10 Ways to Get More Real Estate Listings

May 19, 2026

Getting more real estate listings starts with one thing: being in front of the right sellers at the right time. Most agents compete on the same platforms, use the same scripts, and wonder why their listing pipeline stays thin. The 10 strategies below fix that. Each one is specific, actionable, and built to generate seller leads consistently.

Takeaways

  • Your Google Business Profile and local landing pages produce free, consistent seller enquiries when kept active with current sold data and regular updates.
  • Seller-focused content and short videos build trust with homeowners before they book a valuation, making conversion easier and fee negotiation less frequent.
  • Old valuation leads are your most overlooked listing source, and personal follow-up within 24 months of the original enquiry converts at a high rate.
  • A Virtual Assistant eliminates the follow-up gap that causes most listing losses, ensuring every enquiry receives a response within 60 minutes.
  • Measure 5 metrics weekly: valuation requests, completions, conversion rate, cost per valuation, and time to instruction, to identify exactly where your strategy needs adjusting.

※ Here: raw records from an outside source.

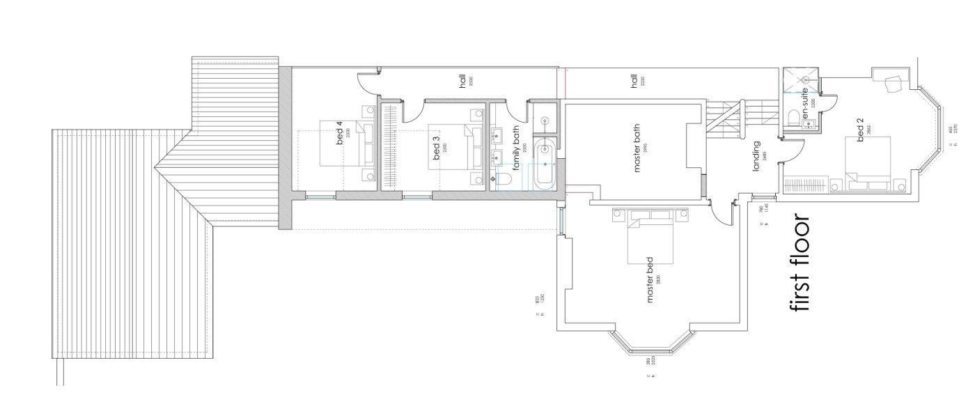 The East Side: To the right on the plans below is the east facing part of the house which had the original dining room on the ground floor and a bedroom above. Not a lot is changing here in the sense of square meterage, though full refurb is still required electrics, heating, plastering and window replacement. The ground floor will be my office (well spotted Andrea 😉 ) and on the first floor a guest bedroom, where we will be living for the duration of the build. We’re putting an en-suite in this room, which has been a bit of a challenge but totally necessary otherwise we’d be very stinky after a four month renovation.
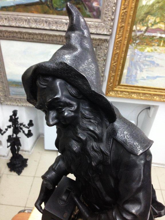 Год создания модели: конец 1880-х гг. Материал: Чугун Н. Мейер – французский скульптор, мастер жанровой и аллегорической пластики. В конце 1880-х создал серию интерьерных скульптур «Гномы». В начале ХХ века Каслинский завод отливал пять скульптур этой серии. Гномы – персонажи западно-европейской мифологии; карлики, охраняющие подземные сокровища. Гномы Н. Мейера – симпатичные и простодушные человечки с традиционной атрибутикой: окладистыми бородами и остроконечными колпачками на головах. Гном – фотограф улыбается и, слегка наклонясь вправо и вперед, держит у правого бедра коробку старинного фотоаппарата и т. д. Данных Гномов предлагают от 30 до 50 т. Руб. Учитывая год Ваших ближе к последней цифре. А там, как договоритесь....
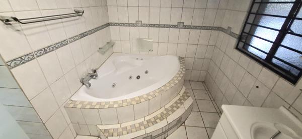 This fully tiled home offers comfort, privacy and convenience, situated near the Coca Cola factory and main roads leading to the city, shops and malls. The property features four bedrooms, each with its own private entrance and security gate. The main bedroom has built in cupboards and an en suite bathroom with a shower, toilet, basin and Jacuzzi bath. The second bedroom includes built in cupboards and easy access to a separate guest bathroom with a toilet and basin. The third bedroom is very spacious with ample built in cupboards and its own en suite bathroom with shower, toilet and basin. The fourth bedroom offers ample space, a small built in cupboard and a private bathroom with shower, toilet and basin. The home includes a large open plan lounge, a spacious kitchen with plenty of cupboards, a small spens and a separate washing area for dishes and laundry. Outside, the property offers a double carport, open parking in front of each room and low maintenance paved areas all around the home. Prepaid electricity is used, and water and sanitation are included. This property is perfect for a large family seeking a modern, secure and spacious home in a convenient location for your kids & pets.
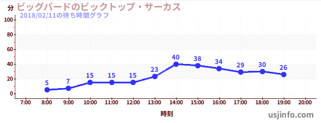 • ビッグバードのビックトップ・サーカス$B$N(B2018年02月11日の待ち時間
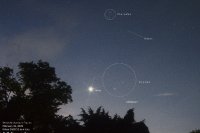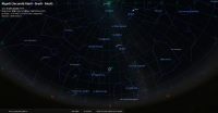 - A 6h20, la Lune est conjointe à Jupiter dans le plan équatorial à 15h15, la planète 4°54’ au Sud. Elongation solaire de Jupiter
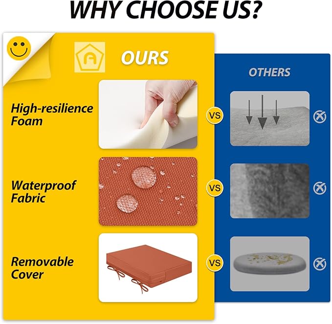• Wide Use & Tips: These outdoor dining chair cushions fit pools, patios, balconies, decks, backyards, and gazebos. Foam inserts and covers are packed separately in bags and placed in one box—check all parts. Easy assembly required
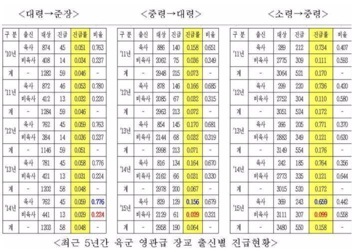 - 대령: 전투병과 5.2:1, 기술·행정 3.8:1
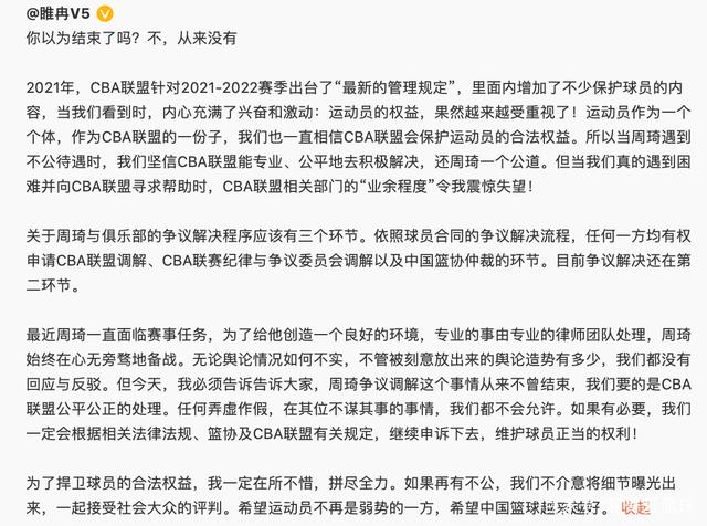 从整篇的动态不难看出,睢冉是就周琦申报CBA联盟有关于和新疆队合同纠纷的情况发表不满,睢冉认为CBA联盟处理此次情况不够专业,甚至有弄虚作假,不谋其事的作为。作为一名CBA经纪人,睢冉为了维护客户权益在所不惜,直接和CBA联盟开火,目前CBA官方还没有任何回复。

1. Use Google Business Profile Properly

Google Business Profile is a free listing that places your name, photo, reviews, and contact details directly on Google Search and Google Maps. When a homeowner types "estate agent near me" or "sell my house in [town]," your profile appears before your website does. Agents who treat Google Business Profile as a serious lead channel, not a directory listing, generate enquiries without paying for ads.

Set your service area to the specific postcodes and neighbourhoods you serve. Add your phone number, website, and a clear business description that includes the words "estate agent" and your target location. Upload recent photos of properties you have sold. Post a short update each week, such as a local sale price, a market statistic, or a tip for sellers. Google rewards active profiles with higher visibility.

Ask every satisfied client to leave a Google review immediately after the exchange. A profile with 20 or more reviews ranks significantly higher than one with three. Reply to every review, positive or negative. Replies show prospective sellers that you are responsive and professional.

Is Local SEO Useful for Real Estate Agents?

Yes, local SEO is one of the highest-returning marketing activities for estate agents. Local SEO is the process of making your name and business appear at the top of location-based searches. For estate agents, local SEO covers your Google Business Profile, your website pages, your directory listings, and your reviews across platforms such as Trustpilot and Bark. Together, these signals tell Google that your business is a genuine, trusted presence in a specific area.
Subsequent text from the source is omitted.